Read the latest artifacts from an environment¶
This is a guideline on how to query the dbt cloud metadata given an environment by using dbt CLoud Discovery API. It's neither not requiring JOB ID nor JOB RUN ID, this is the dbt Cloud's ENVIRONMENT ID. Especially, with this method, dbterd doesn't require to download files before hands anymore, the ERD will be generated on fly 🚀.
dbterd is now understanding GraphQL connection which is exposed by dbt CLoud Discovery API endpoint:
Replace
{YOUR_ACCESS_URL}with the appropriate Access URL for your region and plan
Prerequisites
- dbt Cloud multi-tenant or single tenant account ☁️
- You must be on a Team or Enterprise plan 💰
- Your projects must be on dbt version 1.0 or later 🏃
The assumption is that you've already get the dbt Cloud project ready and is having at least 1 environment, and 1 job run successfully in this environment.
1. Prepare the environment variables¶
As mentioned above, the API Endpoint will look like:
For example, if your multi-tenant region is North America, your endpoint is https://metadata.cloud.getdbt.com/graphql. If your multi-tenant region is EMEA, your endpoint is https://metadata.emea.dbt.com/graphql.

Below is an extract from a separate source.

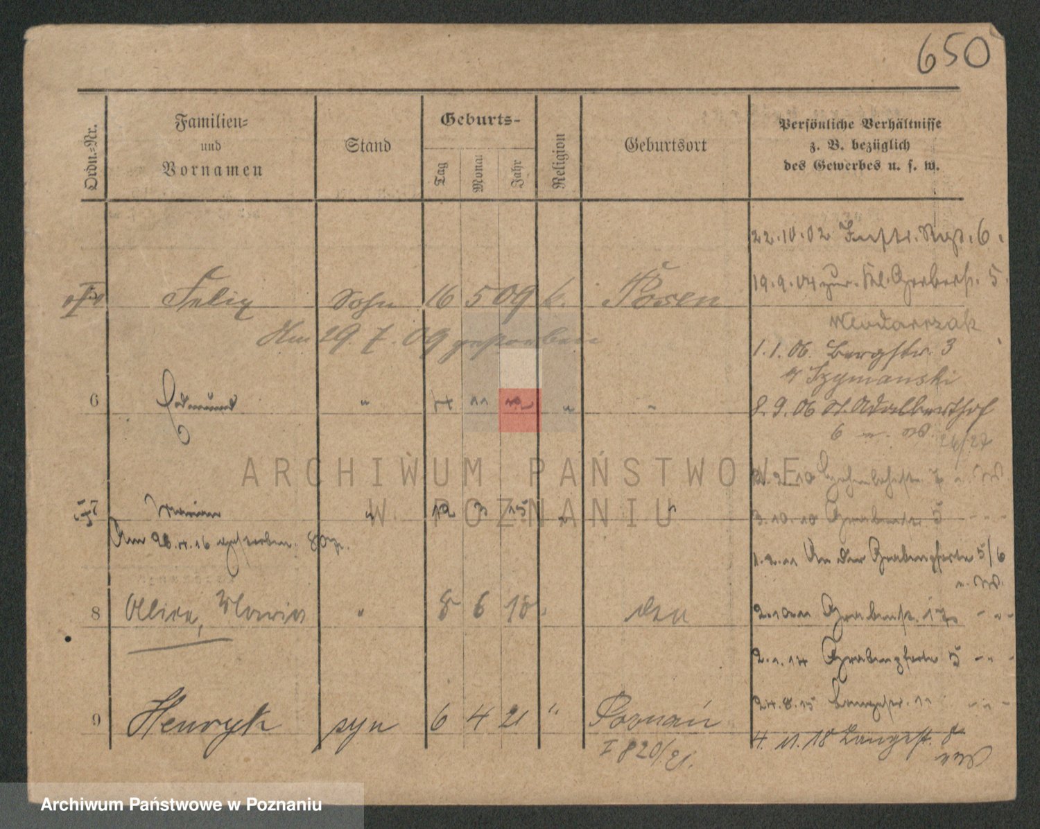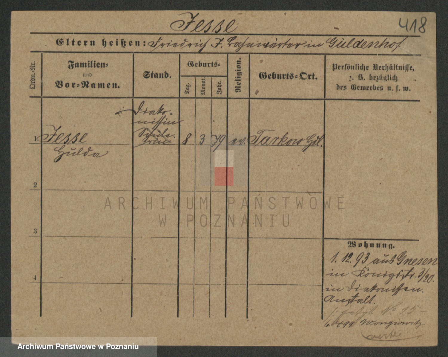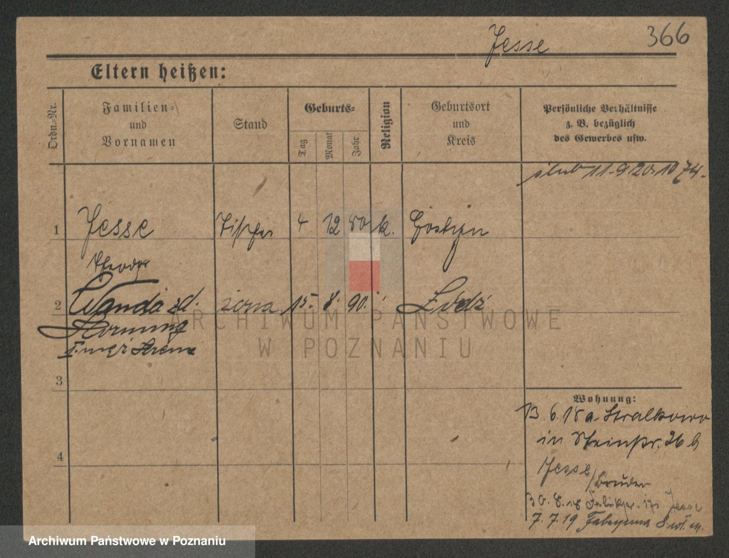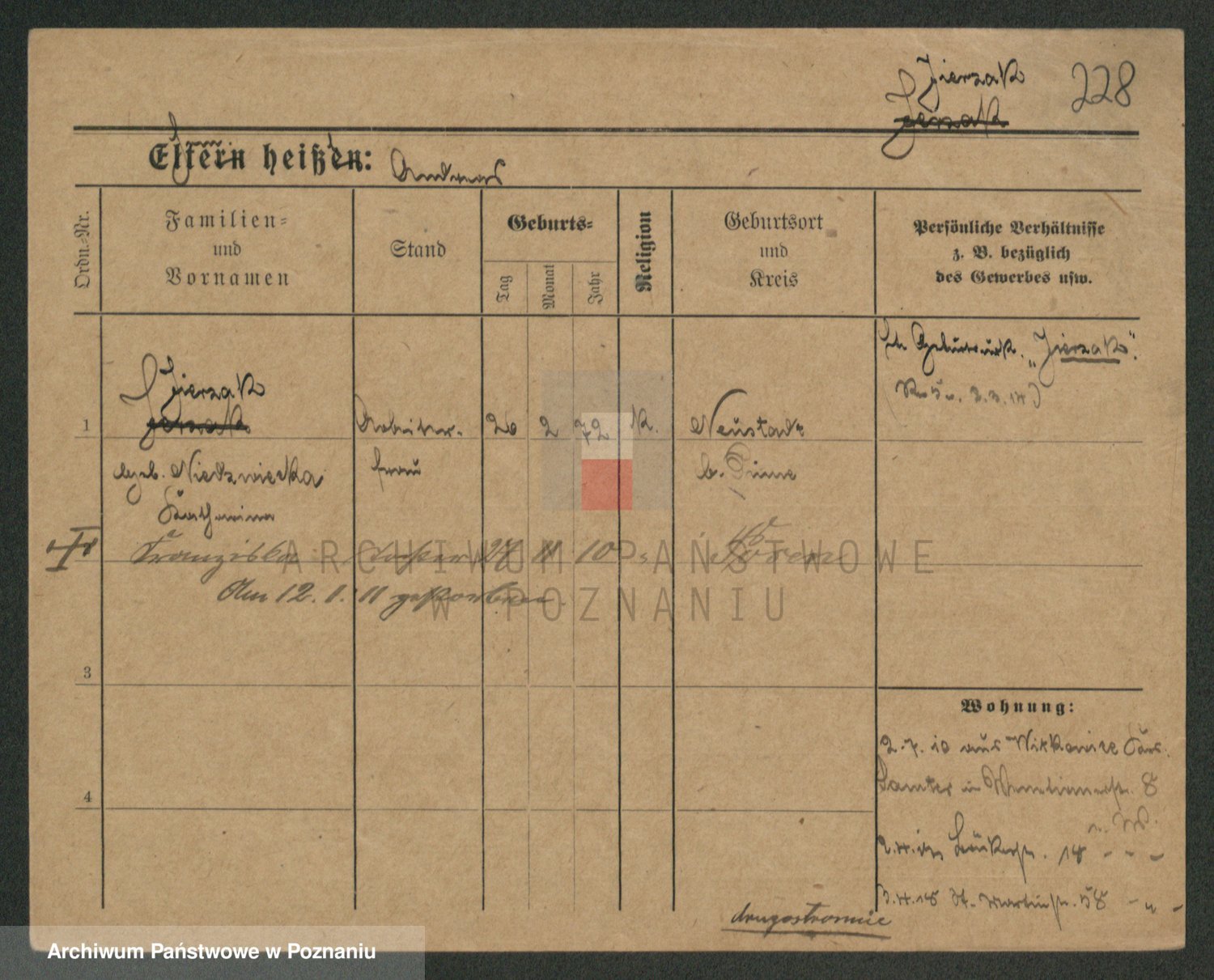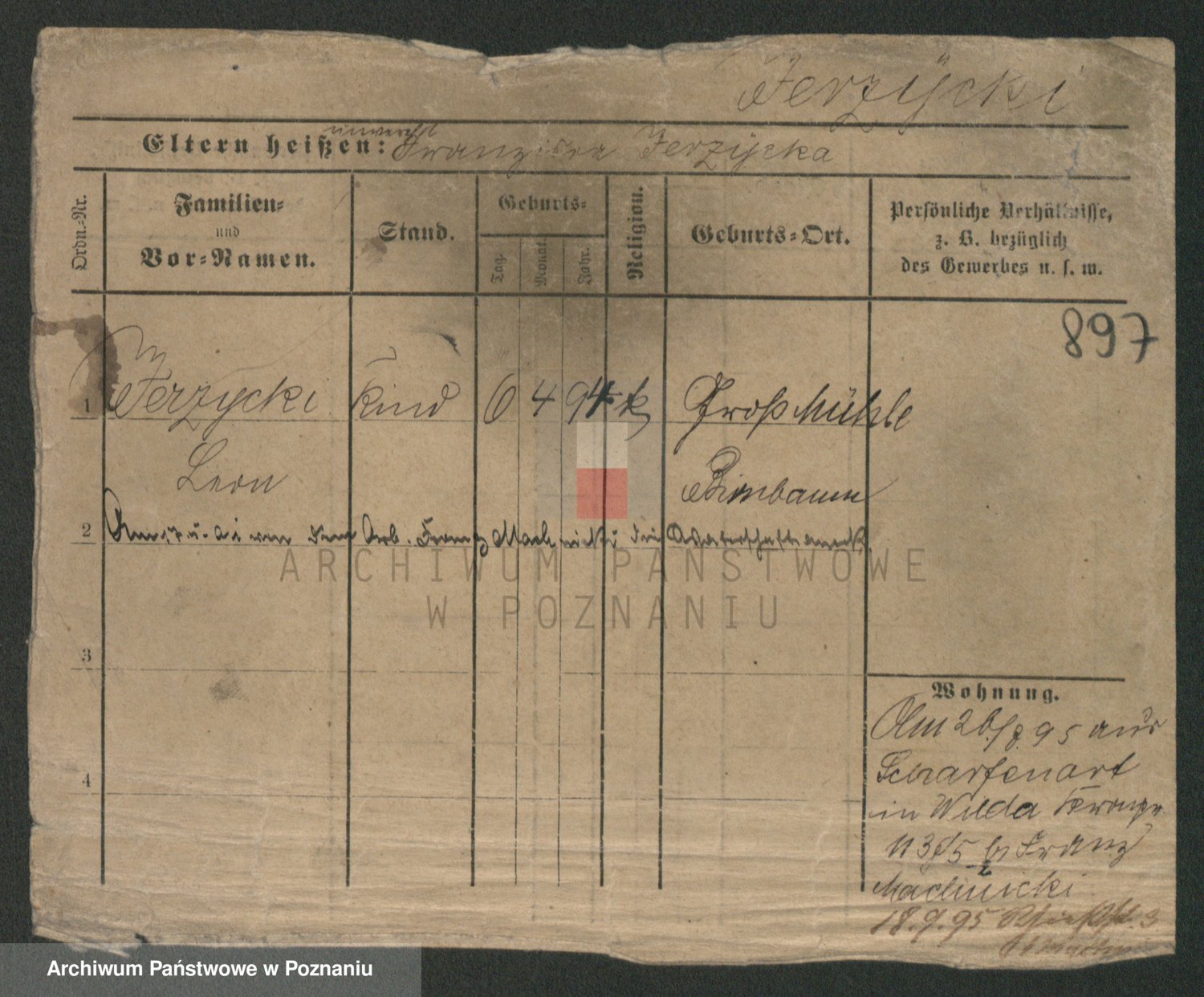 Podgląd karty osobowej dostępny jest po kliknięciu na nazwisko lub ikonkę karty. Można dokonywać powiększenia (ikony na górze) lub przechodzić między kolejnymi skanami (strzałki po bokach).

And the dbt Cloud's Environment will have the URL constructed as:
In the above:
| URL Part | Environment Variable | CLI Option | Description |
|---|---|---|---|
host_url | DBTERD_DBT_CLOUD_HOST_URL | --dbt-cloud-host-url | Host URL (also known as Access URL) with prefix of metadata. |
environment_id | DBTERD_DBT_CLOUD_ENVIRONMENT_ID | --dbt-cloud-environment-id | dbt Cloud environment ID |
Besides, we need another one which is very important, the service token:
- Go to Account settings / Service tokens. Click + New token
- Enter Service token name e.g. "ST_dbterd_metadata"
- Click Add and select
Metadata Onlypermission. Optionally, select the right project or all by default - Click Save
- Copy token & Pass it to the Environment Variable (
DBTERD_DBT_CLOUD_SERVICE_TOKEN) or the CLI Option (--dbt-cloud-service-token)

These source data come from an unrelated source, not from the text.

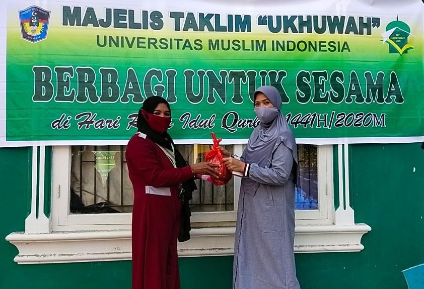 Majelis Taklim Ukhuwah Universitas Muslim Indonesia (UMI) kembali melakukan kegiatan sosial dengan membagikan hewan qurban kepada Satpam dan cleaning service yang bekerja dalam lingkup UMI, di pelataran Masjid Al Adawiyah, Kompleks UMI, Sabtu (01/08/2020) kemarin.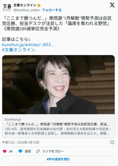 週刊文春予測2026衆院選 情勢予測は 高市早苗圧勝 中道連合は爆散 国民民主が野党第1党か
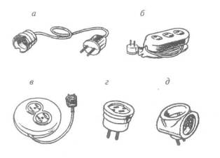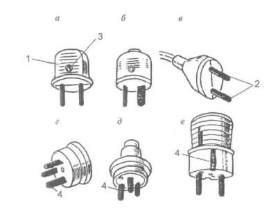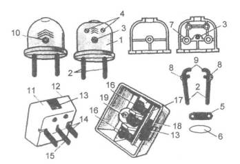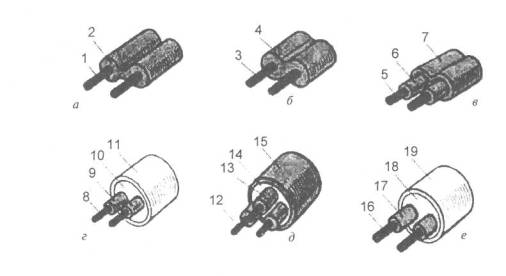 Рис. П. 1.37. Шнуры для электроприборов: а - ШВП-2; б - ШВП-1; в - ШВВП; г - ШРО; д - ШПС и ПВС; е - ШТР; 1,3- жилы; 2, 4 - ПВХ-пластикат; 5, 12 - жилы; 6, 13 - ПВХ-изоляция; 7, 15 - ПВХ-оболочка; 8, 16 - скрученные жилы; 9 - резиновая изоляция; 10, 14 - заполнение из синтетического волокна; 11 - оплетка из х/б или синтетической нити; 17 - изоляция; 18 - заполнение синтетическим волокном; 19 - оболочка Таблица П.1.1Диаметр проводника и соответствующее ему сечение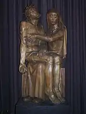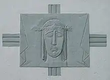 Next to the crypt is a large auditorium with a stage, the parish hall of the former Holy Cross parish. In the foot of the tower building, which consists of seven floors, there is also the tower hall (German: Turmsaal), which is still used by the new parish of St. Josef Frankfurt am Main. On the outer walls of the side aisles, the inside of the left front partition of the left side aisle to the church room and the rear wall of the entrance hall in the tower building is a painted Stations of the Cross of the artist Georg Poppe. The penultimate (13th) station of the Stations of the Cross was until 2020 the Pietà made of wood by the sculptor Arnold Hensler[22] and Otto Zirnbauer.[23]
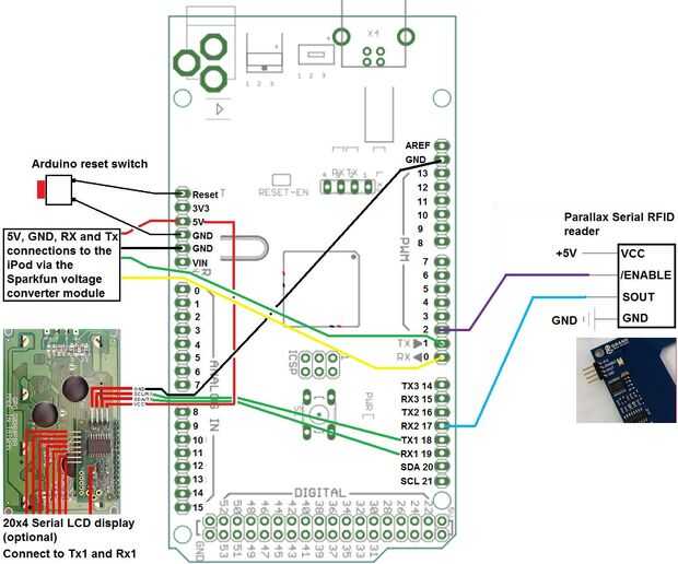 (Los cables de + 5 v y GND entre Arduino y el lector de RFID no se muestran en el diagrama).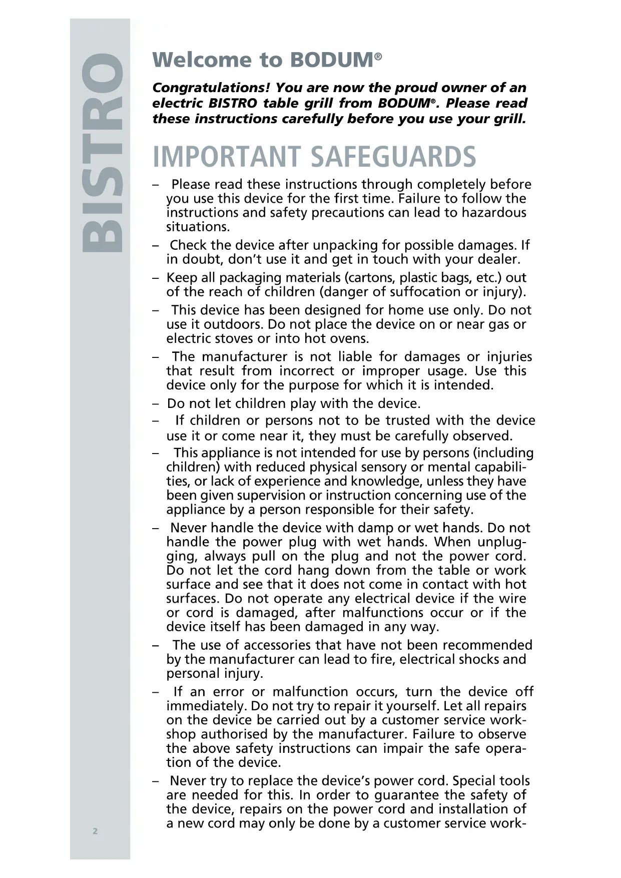 Congratulations! You are now the proud owner of an electric BISTRO table grill from BODUM®. Please read these instructions carefully before you use your grill.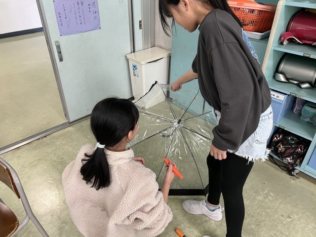 傘作りをしました。傘にカラフルな文字を書いて装飾しています。どのようなものができるのかとても楽しみです。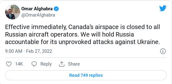 加拿大联邦交通部长在2月27日宣布,加拿大领空将对所有俄罗斯航空公司的飞机关闭,立即生效。“我们将以此作为对俄罗斯突然袭击乌克兰的制裁,” 他在推文中表示。

Finally, fill in your_value and execute the (Linux or Macos) command below:
export DBTERD_DBT_CLOUD_HOST_URL=your_value e.g. metadata.cloud.getdbt.com
export DBTERD_DBT_CLOUD_SERVICE_TOKEN=your_value
export DBTERD_DBT_CLOUD_ENVIRONMENT_ID=your_value
Or in Powershell:
$env:DBTERD_DBT_CLOUD_HOST_URL="your_value"
$env:DBTERD_DBT_CLOUD_SERVICE_TOKEN="your_value"
$env:DBTERD_DBT_CLOUD_ENVIRONMENT_ID="your_value"
2. Generate ERD file¶
We're going to use a new command as dbterd run-metadata to tell dbterd to use dbt Cloud Discovery API with all above variables.
The command will be looks like:
Behind the scenes, it will try use to the ERD GraphQL query built-in at include/erd_query.gql
and then, here is the sample console log:
2024-02-03 19:57:57,514 - dbterd - INFO - Run with dbterd==1.0.0 (main.py:54)
2024-02-03 19:57:57,515 - dbterd - INFO - Looking for the query in: (hidden)/dbterd/adapters/dbt_cloud/include/erd_query.gql (query.py:25)
2024-02-03 19:57:57,516 - dbterd - DEBUG - Getting erd data...[URL: https://metadata.cloud.getdbt.com/graphql/, VARS: {'environment_id': '(hidden)', 'model_first': 500, 'source_first': 500, 'exposure_first': 500, 'test_first': 500}] (graphql.py:40)
2024-02-03 19:57:58,865 - dbterd - DEBUG - Completed [status: 200] (graphql.py:48)
2024-02-03 19:57:58,868 - dbterd - INFO - Metadata result: 5 model(s), 2 source(s), 1 exposure(s), 21 test(s) (discovery.py:169)
2024-02-03 19:57:58,880 - dbterd - INFO - Collected 5 table(s) and 1 relationship(s) (test_relationship.py:44)
2024-02-03 19:57:58,881 - dbterd - INFO - (hidden)\target (base.py:179)
Voila! Happy ERD with dbt Cloud Metadata 🎉!